By on December 27, 2009

A helicopter dropped a $4 million ransom payment on Sunday on to the deck of a Chinese coal ship hijacked by Somali pirates in mid-October, a pirate source on board the vessel said.

The De Xin Hai and its 25 crew were carrying about 76,000 tonnes of coal from South Africa to the Indian port of Mundra when it was seized by gunmen in the Indian Ocean some 700 miles east of the Horn of Africa.

Sea gangs from Somalia have made tens of millions of dollars in ransoms by hijacking vessels using the shipping lanes there and in the strategic Gulf of Aden that links Europe to Asia.

Patrols in the area by warships from several nations only appear to have forced the pirates to hunt further from shore.

“A helicopter dropped the ransom money onto the ship. We have received $4 million,” Hassan, one of the pirates on the De Xin Hai, told Reuters by telephone to cheers in the background.

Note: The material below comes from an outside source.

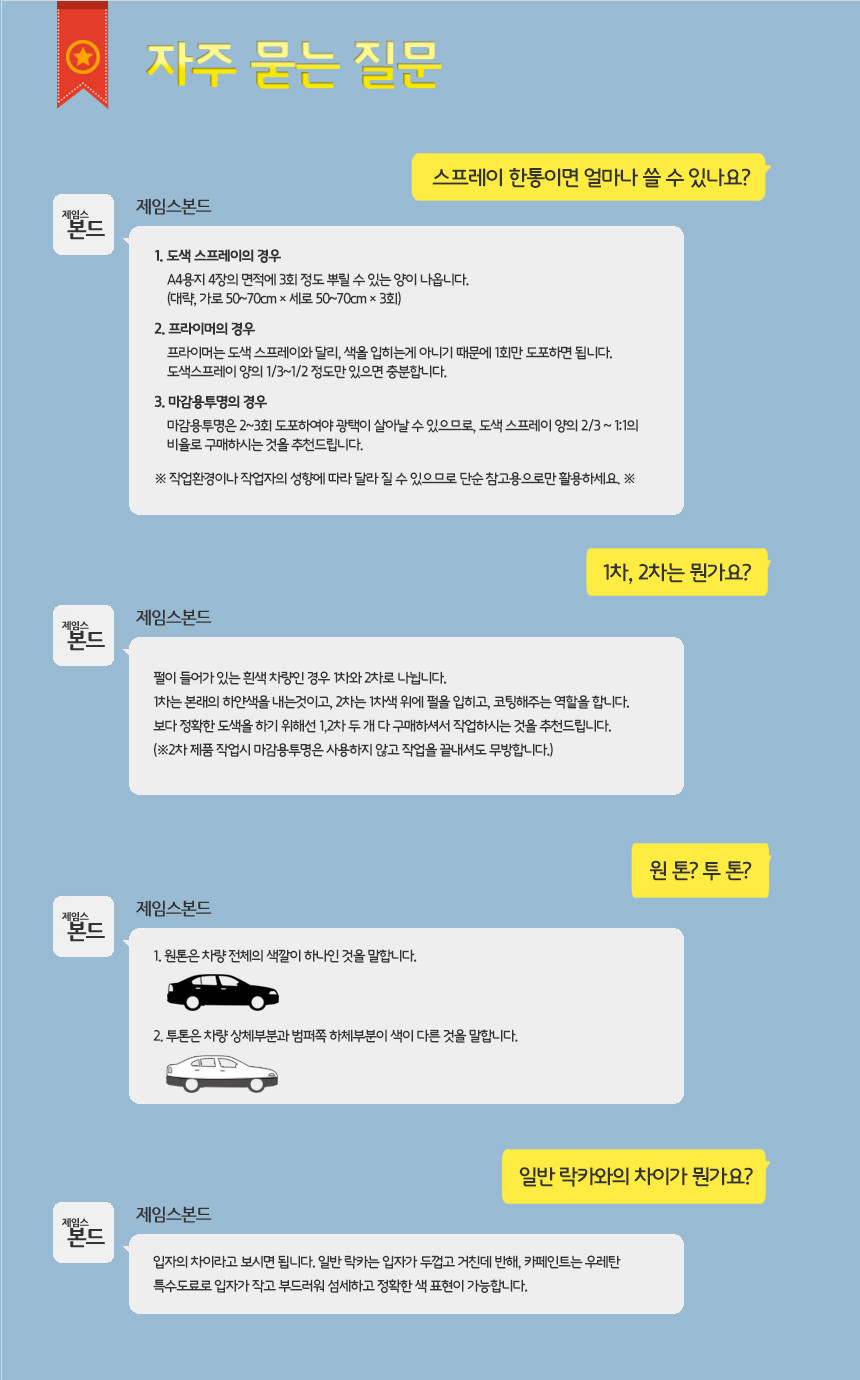 1. 특수노즐 장착 2. 자동차 제조회사의 고유 색상 3. 유성페인트로 사용 가능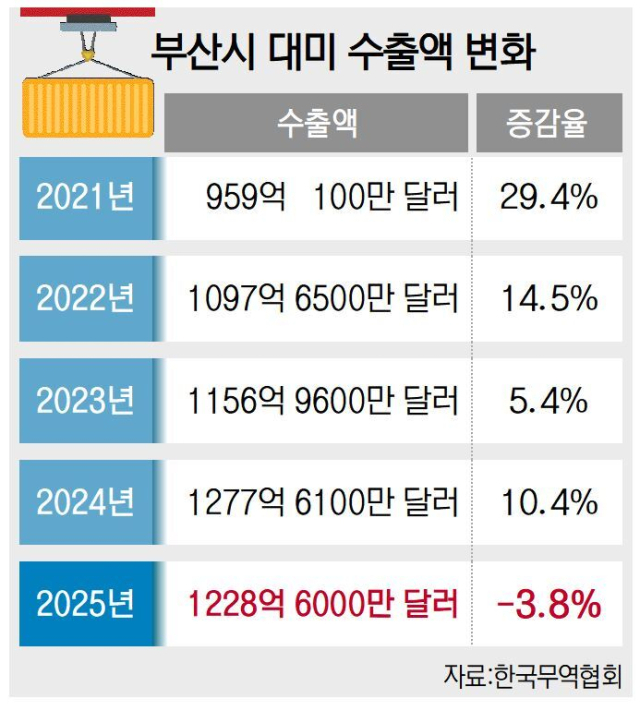 지난해 ‘트럼프 관세’ 여파로 철강업계를 비롯한 지역 기업들 피해는 상당히 컸다. 실제 트럼프 관세가 부과됐던 지난해 부산지역 대미 수출은 1228억 6000만 달러로 전년 대비 3.8% 줄었다. 이는 2016년 이후 첫 감소세다.

“We hope to disembark in a few hours. The crew is safe and — although they will not have their freedom for a few more days — they are all happy now.”

The October 19 hijacking of the De Xin Hai, which is owned by Qingdao Ocean Shipping, a unit of China Ocean Shipping or COSCO, was the first known seizure of a coal ship by Somali pirates.

Indian coal traders warned at the time that this might encourage the gangs to seize other coal ships, since these dry bulk vessels are smaller and have relatively small crews.

Experts say a higher risk of pirate attacks could disrupt an expected increase in the volume of South African coal heading to India after a boom in Indian demand over the last two years.

China sent three warships to Somali waters late last year with great fanfare after a ship carrying oil to China was attacked by pirates. But Chinese warships, like those from other countries, provide protection mainly in the narrow and dangerous Gulf of Aden, not in the much larger Indian Ocean.

In late October and again in November, the pirates on board the De Xin Hai threatened to execute its 25 mostly young sailors if the Chinese military tried to rescue them.